Social as well as economic differences still divide the two halves of the city. According to pollster Manfred Güllner, easterners have a higher divorce rate and live in households with more people, while westerners show a greater tendency to live alone. One academic even complained that Ossis speak more grammatically correct German than Wessis. One way the government is trying to help young people to adjust to the new reality is by holding seminars for teachers on how to impart the unvarnished history of the former East Germany, including the feared secret police known as the Stasi. Some teachers were purged from the system because of past work as informers for the Stasi. But Falco Wekentin, who helps train the teachers, says a new generation of educators has emerged that is genuinely interested in establishing the truth. "They want to understand why the system operated the way it did, why it collapsed, and why it fostered so much evil among its people," he says.

Given the ruthlessness of the police state that existed in East Germany, it can be a surprise to see how many eastern Berliners are now expressing an unvarnished nostalgia for their old way of life, a phenomenon jokingly called Ostalgia. Several thousand people turned out for a huge Ostalgia party in East Berlin last month to mark the anniversary of reunification in 1990. The spectators danced to East German rock bands, watched videotapes of old East German television shows, even quaffed Vita Cola, the communist Coke. "People link the parties to a little melancholy and an opportunity to dive back into a part of their personal life that is gone," says Ralf Heckel, who organizes Ostalgia parties across Germany. "People are able to stand apart from the system now."

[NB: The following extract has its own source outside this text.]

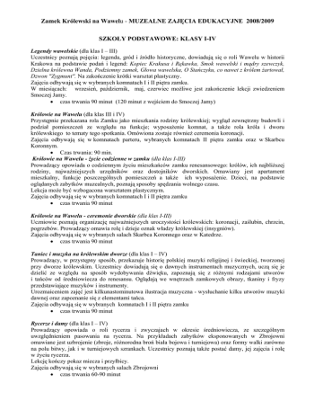 Zamek Królewski na Wawelu - MUZEALNE ZAJĘCIA EDUKACYJNE 2008/2009 SZKOŁY PODSTAWOWE: KLASY I-IV Legendy wawelskie (dla klas I – III) Uczestnicy poznają pojęcia: legenda, gród i źródło historyczne, dowiadują się o roli Wawelu w historii Krakowa na podstawie podań i legend: Kopiec Krakusa i Rękawka, Smok wawelski i mądry szewczyk, Dzielna królewna Wanda, Podziemny zamek, Głowa wawelska, O Stańczyku, co nawet z królem żartował, Dzwon "Zygmunt". Na zakończenie krótki warsztat plastyczny. Zajęcia odbywają się w wybranych komnatach I i II piętra zamku. W miesiącach: wrzesień, październik, maj, czerwiec możliwe jest zakończenie lekcji zwiedzeniem Smoczej Jamy. • czas trwania 90 minut (120 minut z wejściem do Smoczej Jamy) Królowie na Wawelu (dla klas III i IV) Przystępnie przekazana rola Zamku jako mieszkania rodziny królewskiej; wygląd zewnętrzny budowli i podział pomieszczeń ze względu na funkcje; wyposażenie komnat, a także rola króla i dworu królewskiego to tematy tego spotkania. Omówiona zostaje również ceremonia koronacji. Zajęcia odbywają się w komnatach parteru, wybranych komnatach II piętra zamku oraz w Skarbcu Koronnym. • Czas trwania: 90 min. Królowie na Wawelu - życie codzienne w zamku (dla klas I-III) Prowadzący opowiada o codziennym życiu mieszkańców zamku renesansowego: królów, ich najbliższej rodziny, najważniejszych urzędników oraz dostojników dworskich. Omawiany jest apartament mieszkalny, funkcje poszczególnych pomieszczeń a także ich wyposażenie. Dzieci, na podstawie oglądanych zabytków muzealnych, poznają sposoby spędzania wolnego czasu. Lekcja może być wzbogacona warsztatem plastycznym. Zajęcia odbywają się w wybranych komnatach I i II piętra zamku • czas trwania 90 minut Królowie na Wawelu - ceremonie dworskie (dla klas I-III) Uczniowie poznają organizację najważniejszych uroczystości królewskich: koronacji, zaślubin, chrzcin, pogrzebów. Prowadzący omawia rolę i dzieje oznak władzy królewskiej (insygniów). Zajęcia odbywają się w wybranych salach Skarbca Koronnego oraz w Katedrze. • czas trwania 90 minut Taniec i muzyka na królewskim dworze (dla klas I – IV) Prowadzący, w przystępny sposób, przekazuje historię polskiej muzyki religijnej i świeckiej, tworzonej przy dworze królewskim. Uczestnicy dowiadują się o dawnych instrumentach muzycznych, uczą się je dzielić ze względu na sposób wydobywania dźwięku, zapoznają się z różnymi rodzajami utworów i tańców od średniowiecza do renesansu. Oglądają we wnętrzach zamkowych obrazy, tkaniny i fryzy przedstawiające muzyków i instrumenty. Urozmaiceniem zajęć jest kilkunastominutowa ilustracja muzyczna - wysłuchanie kilku utworów muzyki dawnej oraz zapoznanie się z elementami tańca. Zajęcia odbywają się w wybranych komnatach I i II piętra zamku • czas trwania 90 minut Rycerze i damy (dla klas I – IV) Prowadzący opowiada o roli rycerza i zwyczajach w okresie średniowiecza, ze szczególnym uwzględnieniem pasowania na rycerza. Na przykładach zabytków eksponowanych w Zbrojowni omawiane jest uzbrojenie (zbroje, różnorodna broń biała bojowa i turniejowa) oraz formy walki zarówno na polu bitwy, jak i w turniejowych szrankach. Uczestnicy poznają także postać damy, jej zajęcia i rolę w życiu rycerza. Lekcję kończy pokaz miecza i przyłbicy. Zajęcia odbywają się w wybranych salach Zbrojowni • czas trwania 60-90 minut Zamek Królewski na Wawelu - MUZEALNE ZAJĘCIA EDUKACYJNE 2008/2009 Wawelski świat zwierząt i roślin (dla klas I – IV) W trakcie zajęć uczniowie poznają historię ogrodów i zwierzyńca wawelskiego, stan wiedzy o przyrodzie (od starożytności do czasów renesansu). Na obrazach i arrasach odszukują zwierzęta i rośliny. Uczestniczą również w zabawach tematycznych. Zajęcia odbywają się w wybranych komnatach I i II piętra W okresie: maj-czerwiec oraz wrzesień-październik (przy dobrej pogodzie) zajęcia mogą być wzbogacone o spacer wzdłuż ogródka na dziedzińcu zewnętrznym. • czas trwania ok. 90 minut Przed namiotem wezyra (dla klas I – IV) Prowadzący opowiada o pięknie zdobionych namiotach tureckich ich funkcji i wyposażeniu (dywany, tkaniny ozdobne). Uczniowie zapoznają się ze sztuką aplikacji oraz symboliką przedstawień. Omawiana jest postać króla Jana III Sobieskiego oraz wezyra - funkcja jaką pełnił w tureckiej armii, jego ubiór i przynależne mu oznaki władzy. Lekcji towarzyszy warsztat plastyczny. Zajęcia odbywają się w wybranych salach na wystawie Sztuka Wschodu. • czas trwania 90 minut Opowieść o świętej Jadwidze królowej (dla klas I – IV) Uczniowie zapoznają się z pozostałościami Zamku i Katedry z okresu średniowiecza. Prowadzący opowiada legendy o św. Jadwidze oraz przypomina fakty historyczne związane z jej osobą - przybycie do Krakowa, jej koronację, początki panowania, przybycie Władysława Jagiełły, jego chrzest i ślub z Jadwigą. Zajęcia odbywają się w salach gotyckich Skarbca Koronnego oraz w Katedrze • czas trwania 90 minut Król Kazimierz Wielki i jego czasy (dla klas I – IV) W czasie zajęć uczniowie poznają postać króla Kazimierza i legendy z nią związane. Zapoznają się także z czasami w których żył, jego rolą w historii, dokonaniami politycznymi i gospodarczymi. Oglądają pozostałości średniowiecznego Zamku i Katedry. Dopełnieniem lekcji jest zabawa tematyczna (krzyżówka). Zajęcia prowadzone są w salach gotyckich Skarbca Koronnego oraz w Katedrze • czas trwania 90 minut Wawel legendarny i historyczny (dla klas IV) Tematem zajęć jest historia, rola i znaczenie dworu królewskiego dla naszego miasta i państwa. Czasy najdawniejsze uczniowie poznają poprzez legendy związane ze wzgórzem wawelskim, czasy nowożytne zaś przez określenie zadań pełnionych przez służbę dworską, przybliżenie postaci królów, omówienie wyposażenia oraz fun

The German government has spent about $800 billion on reunification in the last decade, much of it to upgrade the collapsing infrastructure in the east. That works out as $12,000 in taxes for every western German man, woman and child. Not surprisingly, having spent such a huge sum, many westerners regard eastern disappointment as ingratitude. "After billions of marks in financial help, they complain about inequality and still vote for the communists," said Kurt Nolte, a teacher in western Berlin. "Haven't they learned anything in 10 years?"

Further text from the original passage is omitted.